From it, Nikita Amanti extracted dozens upon dozens of small glass jars, filled with plant cuttings.

Some were just loose in the jars, but some were packed in water, some in other liquids. There were small paper labels on each; Hermione could make out that there were several different colored inks on each label, but was too far away to read anything.

Some of the jars were capped, some were stoppered with various materials (was that lead?) and all were...

She couldn't describe, even to herself, what the plants inside looked like. They glowed. They sparkled. They were, simultaneously, beautiful and disturbing.

Glowing, sparkling, unearthly and mysterious, and thoroughly unlike any growing thing she'd seen before--at least not while she was awake.

They were puge magic, more than anything else she'd ever seen in this world where the magical was mundane. She caught her breath, bit her lip.

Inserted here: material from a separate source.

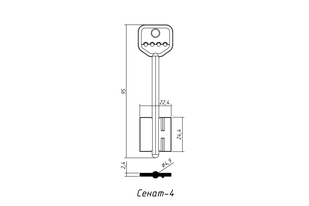 Заготовка ключа СЕНАТ №4/ DV19G — надійна та точна заготовка, розроблена для виготовлення якісних дублікатив ключів для щоденного використання.

"I already gave the live samples to Sprout," the woman said. "Who was, may I add, a great deal more grateful than you, so far."

"It's amazing, Nikita," he said, gentler and softer than Hermione had ever seen him. "Thank you."

"That was enthusiastic," Nikita said sarcastically, but without real venom.

"I still can't understand your labels," he said.

She sighed. "It's really very simple. It's all color-coded. Blue is for the liquid they're packed in. O is for oil, W is for water, and anything else is specified. Warnings are in red-'do not combine with such-and-such,' 'don't heat,' 'don't expose to air,' that sort of thing. The lead-stoppered ones are all of the latter sort. Be careful of those. Honestly, I don't know what you can do with them, but you're the only person I can think of who might be able to manage something. Um. Black is general information, green is anything else." There was a lot of green writing on the jars.

He picked up one of the lead-stoppered jars, and examined it. "You could buy a country with the price of half of these," he said softly.

"Don't start with that again."

One corner of his mouth quirked in half a smile. (Half a smile more than Hermione had ever seen on him.) "Fine, then. How was Brazil?"

She sighed. "Very sunny. Very Brazillian. Not a lot of plants to speak of, so I cut the sabbatical short." She picked up one of the jars. "Dragon mint. Very useful stuff."

"I know. Hard to work with, though."

"Not for me."

"Well of course..." he trailed off, watching her quizically.

She shrugged. "You and me, Sev. We're going to change the world."

He frowned at that, and glanced up. Hermione was staring at the rows of jars, eyes glowing, lips slightly parted-and most certainly -not- grading papers.

"Miss Granger. When I gave you those papers to grade, I did not realize they included staring, braindead, at matters that do not concern you." It was a sharp comment, in his most acerbic voice, and usually something like that would have made her jump, but the effect was entirely spoiled by Nikita's snickering.

"Haven't changed a bit, Sev, have you?" she asked, and Snape ignored her.

"I'm sorry, sir," Hermione said. "It's just that...well...what -are- those?"

He frowned at her. Nikita was busy trying to organize the flora into groups. "Plants, Miss Granger."

He didn't sound sarcastic, which was odd. They were obviously plants. "I know that, sir. It's just that I've never seen anything like that. They're just so beautiful."

His expression froze, and Nikita's head snapped up so fast that she must have given herself whiplash.

"WHAT?" there was no snarl in voice, just absolute, total astonishment.

"Oh dear," Nikita said to herself quietly.

"What's wrong?" Hermione asked, totally confused.

He strode over to where she was still sitting, surrounded by untouched assignments. He towered over her, dark and dangerous, and held one of the jars threatening inches from her nose. "You," he said, "can see this?"

"Er, yes, sir." she said. "Can't you?"

"No," he said darkly, and nodded towards Nikita. "But -she- can."

"Oh dear," Nikita said again. "I think we'd best go see the Headmaster."